Truth be told, the sudden love from the punditry for the Pittsburgh Steelers over the course of the last couple of weeks has gotten a bit much. These are the sorts of things I wouldn’t even pay attention to in the first place if it weren’t my job to do so. But one can argue that it’s about time they started realizing they were underestimating this team.
Now, I’m not about to put a bet down for them to win the Super Bowl this year, to be clear. But I always knew this was a team that was going to outperform expectations. So does Andrew Perloff, who recently compared this current Steelers team to the ones he saw head coach Mike Tomlin leading at the very beginning of his career here.
“I think they’re reinventing the early Ben [Roethlisberger] days”, he said on the Maggie and Perloff show on CBS Sports Radio. “They got caught up with some bad dudes. There’s no doubt about it. I think the Le’Veon Bell and Antonio Brown can easily be forgotten”, he went on, adding that “all the [playoff] wins came when they had all those veterans on defense”.
He also said that this is looking like a “10-years-ago Steelers team”, though surely he meant to go back more than 10 years—more like 12-15. That was when the defense was dominant and steering the ship, and the offense mostly just did its job when needed and was largely quiet otherwise.
“They got old and then you’re stuck with all of these high-octane, bad-character players, and they lost”, he said as the team shifted from a defensive emphasis to the offensive Killer Bs era, which came with minimal postseason success. “They lost and lost and lost. I think they’re recreating really the early Mike Tomlin teams because their defense could be great and Kenny Pickett kind of reminds me of a young Ben”.

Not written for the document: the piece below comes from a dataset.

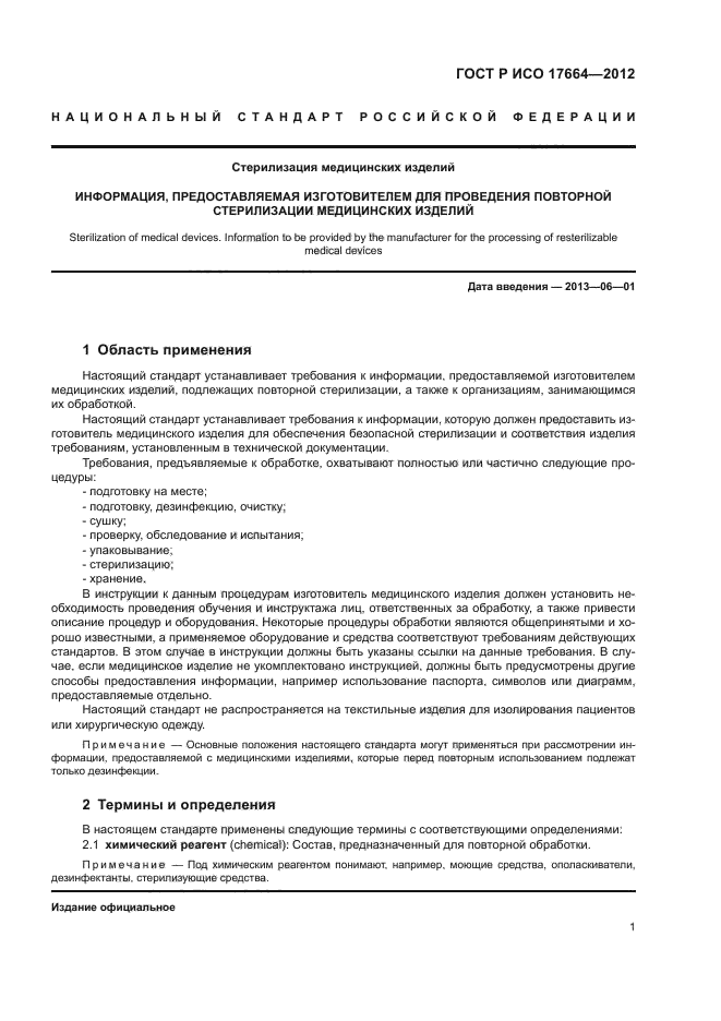 Настоящий стандарт устанавливает требования к информации, которую должен предоставить изготовитель медицинского изделия для обеспечения безопасной стерилизации и соответствия изделия требованиям, установленным в технической документации.

Bell, Brown, and “Big Ben” Roethlisberger were the Killer Bs, and when the trio was at its height, the Steelers had one of the better offenses in the NFL. Only they had little to show for it. They did make it to the postseason four years in a row, but went 3-4 in that time with two one-and-dones, including in 2017 with a first-round bye following a 13-3 regular season.
Pittsburgh reached the Super Bowl twice in Tomlin’s first four seasons, winning once, and they did so by having the best defensive unit in football with an offense orchestrated by a (still relatively) young quarterback who simply knew how to win when it was needed.

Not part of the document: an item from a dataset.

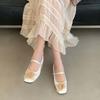 2025 early autumn new Korean version temperament camellia model one-word with square head soft sole inner height increase single shoe

Pickett had four game-winning drives in the second half of last season, finding ways to do what was needed of him when it was needed. The defense was able to keep the scores low during that run, only surrendering more than 17 points once over the final nine games. I can understand the impulse to draw comparisons between the two eras.
But it’s an awful lot to live up to, and it’s also easier said than done given the rule changes since then.